After someone broke into her mother’s house for the third time, Amanda Laurie decided to take steps to reduce crime in her neighborhood.
“Neighbors need to get involved, because it’s just getting too much,” she said.
The Ada woman and her neighbor, Sue Harmon, attended a Neighborhood Watch meeting Thursday because they wanted to make their part of town safer. The city of Ada hosted the meeting at the Chickasaw Community Center, which offered people tips for starting a Neighborhood Watch group in their area.
Neighborhood Watch serves as the eyes and ears for the Ada Police Department and other law enforcement agencies, said Assistant Police Chief Maj. Tracy Jackson.
“We can’t be everywhere all the time,” he said. “That’s why it’s important for us to work together, and what we do is help you.”
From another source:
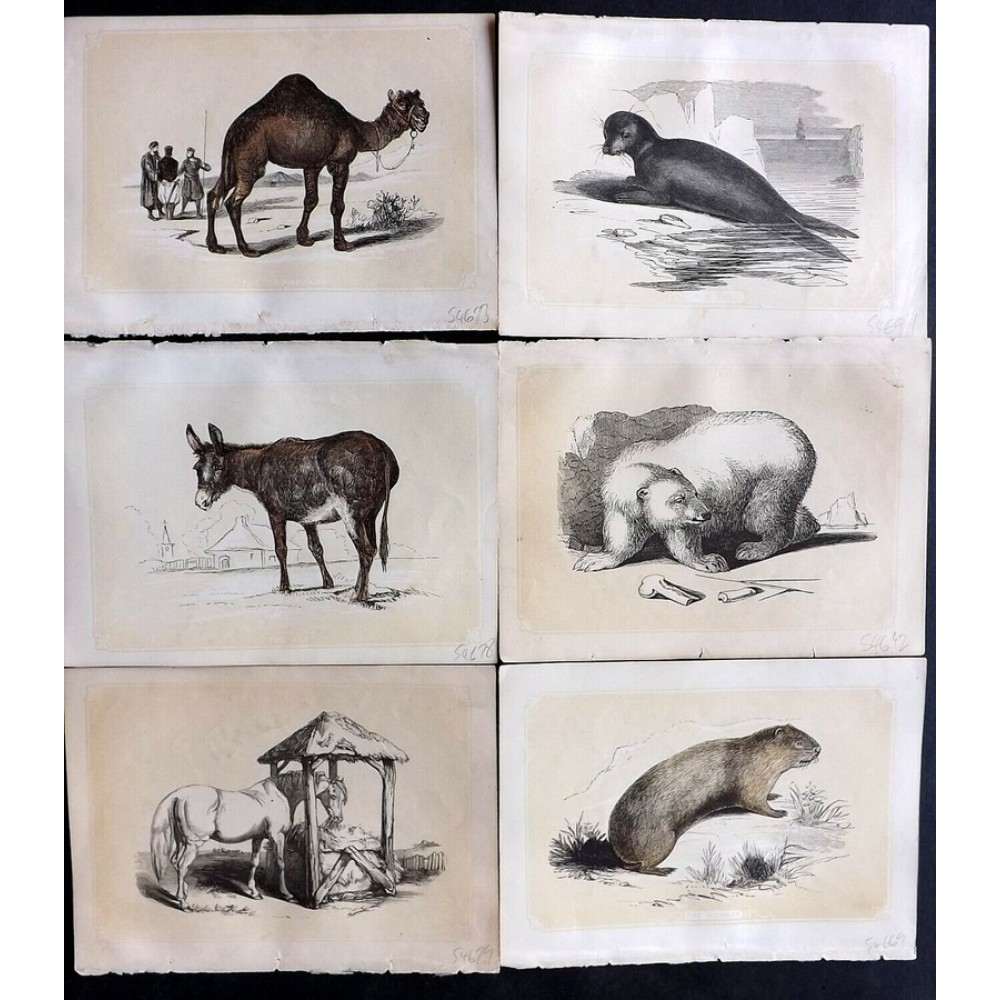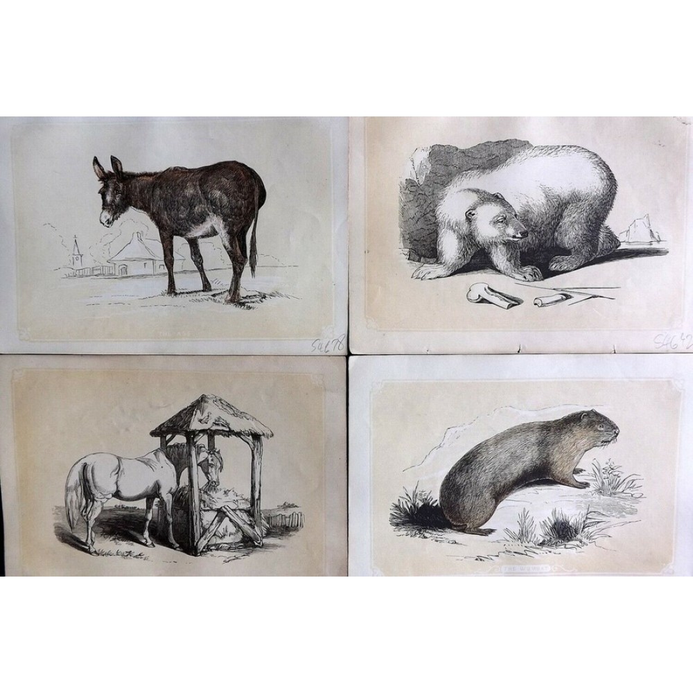 Набор антикварных цветных гравюр, раскрашенных в ручную из книги "The Natural History of The Sacred Scriptures, and Guide to General Zoology" автора W. I. Bicknell.

Jackson offered the following tips for running a Neighborhood Watch group, which brings residents and law enforcement agencies together to discourage crime and make neighborhoods safer:
• Understand that the group requires motivation and commitment, and don’t be offended if some your neighbors aren’t interested in participating.
• Invite law enforcement agencies to the group’s meetings.
• Take detailed notes on any suspicious activity in the area, especially if it occurs over and over. Those notes should include the date and time of the incident, a description of the people involved and information about their vehicle.
• Notify the group’s spokesperson about the incident he or she can contact the appropriate law enforcement agency.
Jackson said people who live in Byng, Latta or other towns can form their own Neighborhood Watch groups.
Ada Police Capt. Jason Potter said Ada has two active groups, and their biggest hurdle in the beginning was realizing that solving their area’s problems will take time.
“You’re not going to be able to say, ‘That’s a drug house,’” he said. “You’re not going to be able to go kick the door in and take everybody to jail. We have rules and regulations that we have to follow.”
Heath Miller of the District 22 Drug Task Force said people interested in starting a Neighborhood Watch group should get the ball rolling before their part of town starts experiencing problems. He added that people who participate in those groups can play key roles in reducing crime in their area.
“You know your neighborhood better than any of us,” he said.
Following the meeting, Laurie said she was planning to start a group for her area.
“Absolutely,” she said.
City offiicials will keep a list of Neighborhood Watch groups and their spokespeople, which list will make it easier for the groups to communicate with the city when necessary. The city will also provide free Neighborhood Watch signs and post them in participating neighborhoods.